DAC (Discretionary Access Control)
An access control model where the owner of a resource determines who may access it, typically implemented via access control lists.
Ed (Deterministic Enforcement)
Security controls whose operation is governed by code execution, providing verifiable, deterministic outcomes. Must be placed at trust domain boundaries per ELP.
En (Normative Enforcement)
Security controls that operate through agent interpretation of and compliance with natural language norms. Appropriate for trust domain interiors.
Eo (Observational Enforcement)
Security controls that operate through post-hoc detection and corrective action. Must span all trust domains per ELP.
ELP (Enforcement Location Principle)
A formal framework specifying that Ed belongs at trust domain boundaries, En in the interior, and Eo spanning both.
FISMA (Federal Information Security Management Act)

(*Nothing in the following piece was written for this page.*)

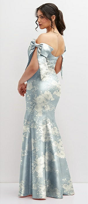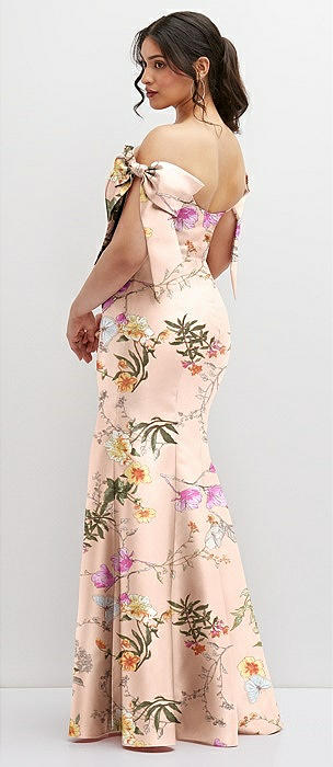 Off-the-Shoulder Bow Floral Satin Corset Dress with Fit and Flare Skirt in bow and blossom print

U.S. law requiring federal agencies to implement risk-based information security programs. Defines Low, Moderate, and High impact levels.
Governance Debt
The condition where an agent system's coordination capability significantly exceeds its governance maturity, creating unaccountable operational risk.
Governance Maturity Model
The L0–L5 framework proposed in this submission for assessing multi-agent system governance across six dimensions.
Ghost Agent
An identity attack where an adversary registers under the name of a legitimate agent that has gone offline, inheriting residual trust from other agents.
Identity Forgery
An attack category exploiting the absence of cryptographic identity binding, allowing any process to claim any agent identity.
Lb (Boundary Location)
The location of a trust domain boundary in the ELP taxonomy. Deterministic enforcement (Ed) must be placed at Lb.
Li (Interior Location)
The location within a trust domain interior. Normative enforcement (En) is appropriate at Li.
Ls (Spanning Location)
A location that spans multiple trust domains. Observational enforcement (Eo) must operate at Ls.
MAC (Mandatory Access Control)
An access control model where the system assigns security labels to subjects and objects; access decisions are based on label dominance.
InAC (Intrinsic Access Control)
The sixth access control model formally defined in this submission. InAC governs agent behavior through natural language norms interpreted and self-enforced by the agent. It is probabilistic, intrinsically enforced, and subject to adversarial manipulation.
InAC Blindness
Governance anti-pattern where a system relies heavily on InAC without acknowledging this dependency, making it impossible to govern, monitor, or improve InAC compliance.
Norm
A behavioral prescription expressed in natural language, carried in an agent's system prompt, governance documentation, or in-context instructions.
OWASP Top 10 for Agentic Applications (2026)
Industry security framework identifying the top 10 risks for AI agent applications, including agent goal hijack via prompt injection (ASI01), tool misuse and exploitation (ASI02), and identity and privilege abuse (ASI03).
PBAC (Policy-Based Access Control)
An access control model where policies are defined in a formal language and evaluated by a separate Policy Decision Point and enforced by a Policy Enforcement Point.
Prompt Injection
An attack category where adversarially crafted inputs manipulate an agent into violating its governing norms or performing unintended actions.
RBAC (Role-Based Access Control)
An access control model where access is mediated by roles that group related permissions; users are assigned to roles. Defined in NIST SP 800-53.
Reference Monitor
The concept (Anderson, 1972) of a tamper-proof, always-invoked, verifiable mechanism that mediates all access decisions. InAC systems lack a reference monitor — the agent itself is both subject and enforcement mechanism.
Subject-Enforcement Identity (E(M) = S(M))
The defining property of InAC: the enforcement mechanism (the agent's own reasoning and compliance) is the same entity as the subject being controlled. In all classical access control models, E(M) ∩ S(M) = ∅.
Trust Domain
A set of components sharing a common trust basis. Trust domain boundaries are points where the trust basis changes and where Ed must be applied.